Occasionally, a solicitor is asked by the police or a third party such as the Inland Revenue—so this is relevant to the Bill—to give information or to show documents that the solicitor has obtained when acting for a client. Unless the client is prepared to waive confidentiality or the solicitor has evidence that a crime is taking place, the Law Society advises lawyers to insist on receiving a summons, usually a witness summons, or a subpoena, so that when those circumstances arise the lawyer can claim privilege before the court and ask the court to decide the issue.

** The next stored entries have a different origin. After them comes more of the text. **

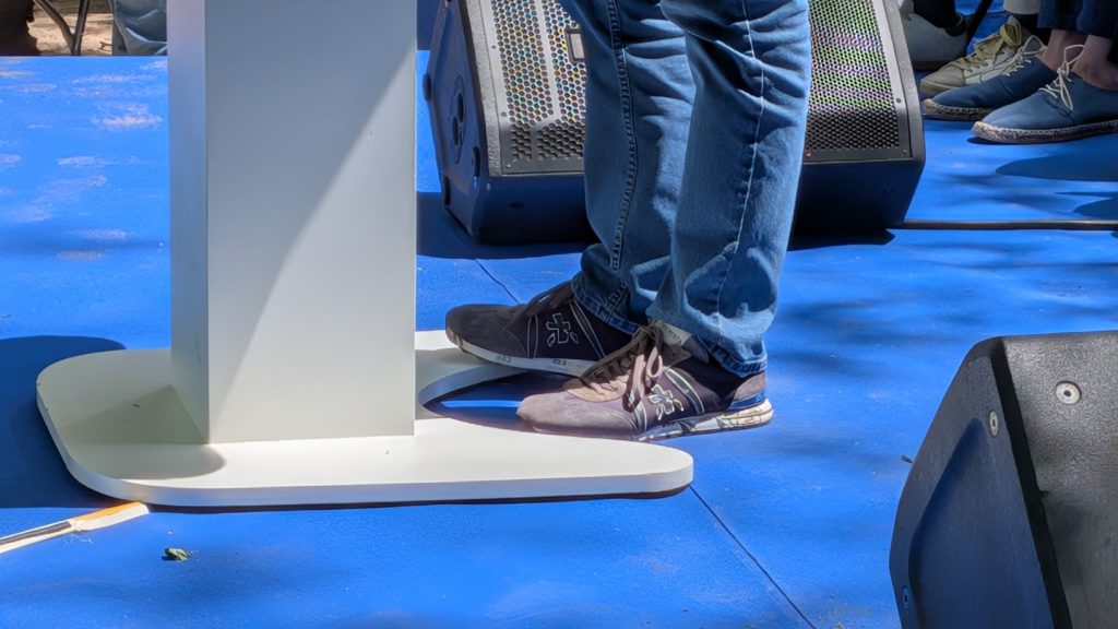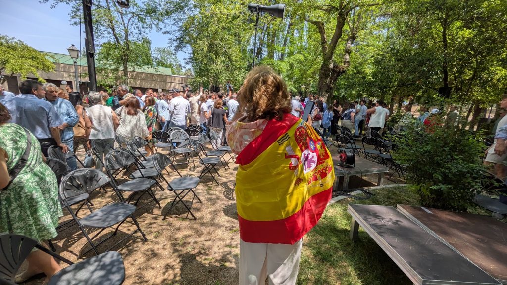Cuando andabas por ahí, observabas que la única bandera de España cubría la espalda de una señora con permanente. Colores rojigualdas que apenas se veían más allá de algún abalorio, como la pulserita de la guardaespaldas de Feijóo, vestida con traje de color «azul servicio secreto» y tan espigada que no pasaba desapercibida.
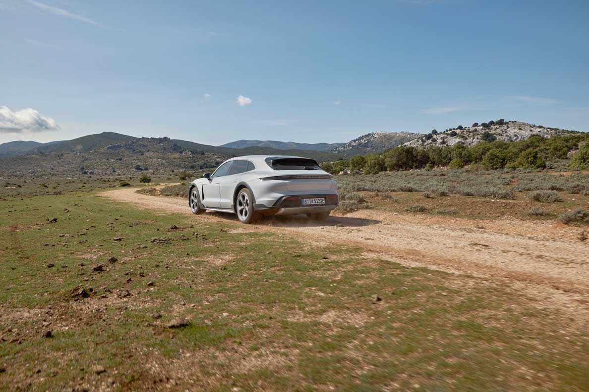The Porsche Taycan Cross Turismo is the first all-electric Cross Utility Vehicle (CUV). Its potential to drive both on- and off-road are clearly signalled by its ride . The Taycan Cross Turismo is approximately 30 mm higher off the ground than the Taycan saloon.
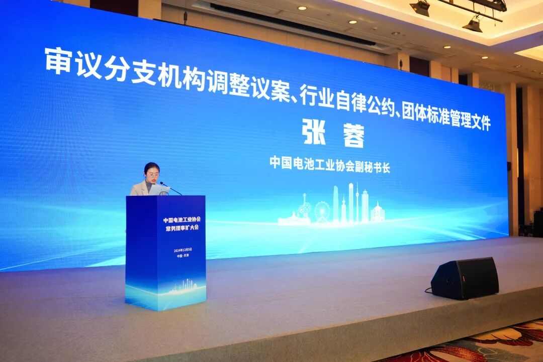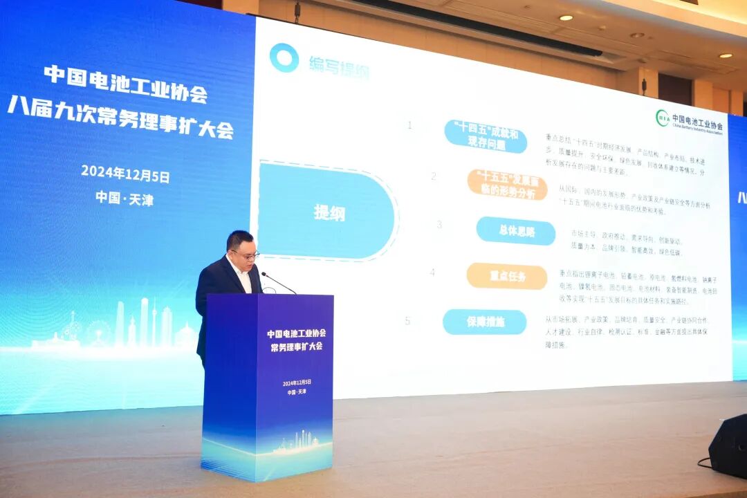 2024年12月5日上午,中国电池工业协会八届九次常务理事扩大会在天津隆重召开,众多电池行业的领军企业代表、专家学者以及协会常务理事代表共计100余人齐聚一堂,共商行业发展大计,会议现场气氛热烈而庄重。

The Inland Revenue asks solicitors to disclose documents and information on numerous occasions. In such circumstances, it is pretty clear that solicitors are protected. However, the Bill does not make it clear what will happen if a client employs someone who is a solicitor in France, Spain, or any of our EU partner countries, rather than a solicitor who is qualified under English law. The Law Society's international unit is clear about the matter because it has published guidance that states that overseas lawyers who operate in England and Wales, or who have offices and provide legal services in England and Wales, are expected to observe the same standards as UK-based solicitors. The rules of conduct cover such an eventuality, but I am not sure whether the Bill does. Could the Inland Revenue argue that, because a person under investigation had employed an overseas lawyer, that lawyer should not have the right to claim privilege on behalf of his client? I hope that the Minister agrees that privilege and the right to claim it should remain in such circumstances.

Accountants are under a professional duty in a similar way to solicitors. They have been issued with guidance informing them that they should not disclose information to third parties.